15–19 July 2020
Reviewed by Jennifer Shennan
Auld Lang Syne …
Several repeat viewings of this enigmatic little dance have reminded me of auld acquaintance —never to be forgotten, but still very good to have it brought to mind. I see it as Douglas’s conversation with the Vitruvian Man by Leonardo da Vinci. He moves but does not locomote. He stays within his kinesphere.
The first minute is a spoken explanation from Douglas of the work’s gestation—’The images came to me. I told them to go away but they wouldn’t go away, they stayed like a cat scratching its paw on the door to be let in.

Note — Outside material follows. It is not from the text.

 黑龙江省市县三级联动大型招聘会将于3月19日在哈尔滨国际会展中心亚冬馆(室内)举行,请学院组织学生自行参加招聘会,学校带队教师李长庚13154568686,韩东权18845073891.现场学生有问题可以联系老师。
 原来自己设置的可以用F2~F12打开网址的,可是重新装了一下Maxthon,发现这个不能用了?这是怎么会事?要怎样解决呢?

I found a theme—one we all know about—the search for ecstasy—be that chocolate éclair, heroin rush, or orgasm. That quest is part of everyone’s life. The images grew into the work The Kiss Inside.’
Douglas stands his ground and lets his gestures speak. You can ‘hear’ as his hands sign and pray and plea, let him rest his cheek a little then wake him up. His arms spread like a tree branch, fold like a bird wing, or arc up and over like those of an angel. He signs himself with a cross, touches his fingertip to the pulse points in his throat or face, his breast or groin. He reaches down to walk his hands over the floor in front of him, to check the ground, terra firma, terra incognito. There’s driving pulse in the music by Naftuke Brandwein—Escorting the Bride and Groom Home.

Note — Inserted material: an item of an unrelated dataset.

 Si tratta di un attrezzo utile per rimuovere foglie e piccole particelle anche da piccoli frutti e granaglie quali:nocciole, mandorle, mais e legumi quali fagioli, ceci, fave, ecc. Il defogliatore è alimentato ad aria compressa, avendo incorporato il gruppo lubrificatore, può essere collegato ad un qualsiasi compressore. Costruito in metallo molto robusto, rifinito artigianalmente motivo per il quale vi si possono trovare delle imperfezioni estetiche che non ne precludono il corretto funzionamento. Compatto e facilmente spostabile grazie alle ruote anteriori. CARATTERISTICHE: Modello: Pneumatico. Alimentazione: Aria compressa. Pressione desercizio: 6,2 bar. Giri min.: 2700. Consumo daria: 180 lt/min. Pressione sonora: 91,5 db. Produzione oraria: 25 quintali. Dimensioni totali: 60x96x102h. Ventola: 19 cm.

The dance is first shown in Douglas’ home, in his jeans and boots, on the living room carpet, in front of his bookshelf, an art piece on the wall, a statue of a female saint adjacent. The year is 2014. The dance ends with the right arm forward, hand upwards, palm facing us, in a gesture that says ‘Wait’ or ‘Stop’. In Part Two of the film, Douglas dances on stage, within the choreography The Kiss Inside. (Sky City, Auckland, 2015)
A giant tree branch is suspended overhead. Trees exist both above and below ground. Douglas always was a dendrophile, so there are echoes for us of his first choreography for RNZBallet, decades ago, The Decay of Lying—and of the later works, A Far Cry and Forever.
Here Douglas walks on stage, bare foot, dressed in white pyjama. A uniformed nurse, on standby, watches him closely. She’ll be his first responder. His final gesture has re-shaped to become a right arm raised high, with the fist declaring ‘I hereby pledge. This is my truth.’ Douglas then walks to exit stage left.
(Update of 19 July 2020)
Douglas Wright, New Zealand’s uniquely meteoric dancer, choreographer, writer, artist, died in late 2018. His last choreography, a short solo, M_Nod, was reviewed in On Dancing. His last full-length work, The Kiss Inside, was also reviewed here.
Douglas’ close colleague, rehearsal director and now choreographic executor, Megan Adams, has produced an unusual and poignant video document which traces the solo Douglas choreographed for himself within The Kiss Inside, but which he was only able to dance at some performances, when his health and stamina permitted.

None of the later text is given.